Dr. Prof.P.K.Deshmukh Dr. Prof. A.B.Bagwan, Mrs. D.S.Naigaonkar,

  1. ABSTRACT

    Many researchers proposed IDS to collect the network data and use the information from known types of attacks in order to detect the network hacking or attacks or anomalous activities. Using intrusion detection methods, we can collect and use information from known types of attacks and find out if someone is trying to attack your network or particular hosts. Recently mobile agent based new IDS technique proposed for distributed networks, but according to literature survey it is clear that most MA-based IDS that are available are not quite effective because their time to detection is high and detect limited intrusions. Thus in this paper we are proposing the Java agents based IDS system for efficient and effective intrusion detection over distributed network environment. The experimental result claims that proposed approach is more effective and efficient as compared to IDS systems previously proposed.
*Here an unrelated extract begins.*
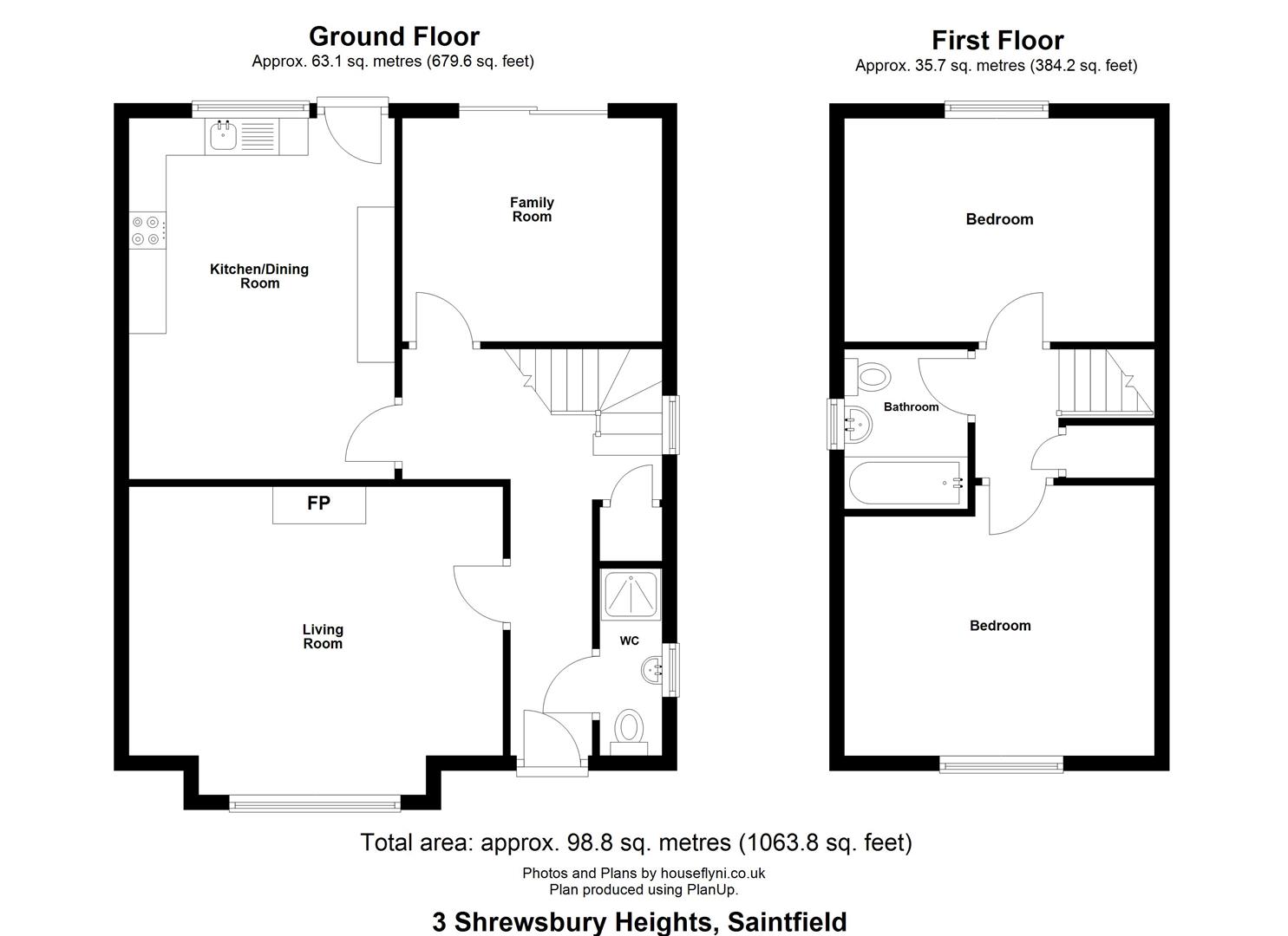 The property comprises a bright and spacious layout with an adaptable layout. The ground floor boasts a generous lounge with open fire, kitchen with Neff integrated appliances, family room opening out to the rear garden, which could be used as a third bedroom and a shower room. Two double bedrooms, one with built in wardrobes, and a bathroom are found on the first floor.

    Index Terms IDS, SNORT, JAVA Agents, Multi Agents, Mobile nodes, Bro database.

  2. INTRODUCTION

    Due to the remarkable growth in network based services as well as sensitive data communication over networks, security of networks is becoming more important. Now days security is always major concern over the all kinds of networks used for enterprise environments. There are many attempts applied successfully by hackers and intruders in order to break the networks of high profile company and web services. To prevent such threats, different kinds of methods have been proposed over Internet such as encryption, firewalls, virtual private networks etc. In addition to these one more new technique is started appearing from last few years called as Intrusion Detection System (IDS) [1, 2].
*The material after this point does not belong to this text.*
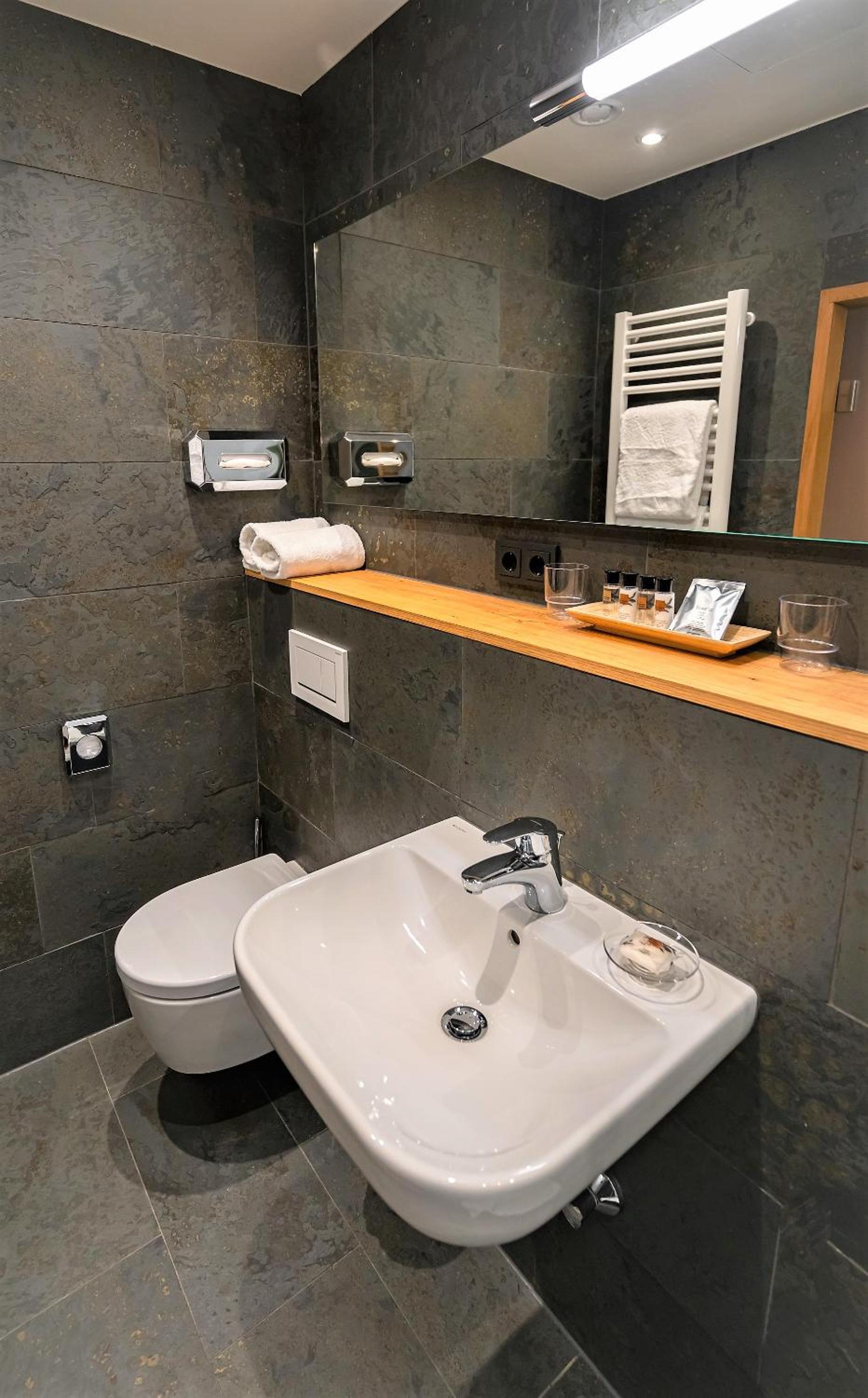 Im Bad nur ein Heizstrahler.

    Hence the intrusion is nothing but the set of actions which deals with compromising the integrity, availability of resources or confidentiality of resources. Whenever the security vulnerabilities exploited by the attacker or

    attackers, this means that intrusion takes place and hence the CIA guarantees of system is violated. Hence the mechanism of intrusion detection is required for providing the additional security approach for securing the networks. This is way of detecting the illegitimate end users, vulnerabilities and attacks which could affect the basic computer systems functionality. However, IDS systems are having the following drawbacks:

    1. Delay of time.

    2. A single point of failure.

    3. Limited scalability.

    4. Hard to communicate mutually between different IDSs

    In order to solve the aforementioned shortcomings, mobile agent technology is currently applied to IDS. Mobile agent is a particular type of software agents which has the capability of moving from one host to another. It is an autonomous program situated within an environment, which senses the environment and acts upon it using its knowledge base to achieve its goals. Mobile agent is of the features of reducing network overload, overcoming network latency, synchronous and autonomous execution, robustness and fault-tolerance, system scalability and operating in heterogeneous environments. To this end, MA technology is very suitable to solve intrusion detection in a distributed environment (Chan & Wei, 2002), hence the advent of Mobile Agentbased IDS (MA-IDS) [3].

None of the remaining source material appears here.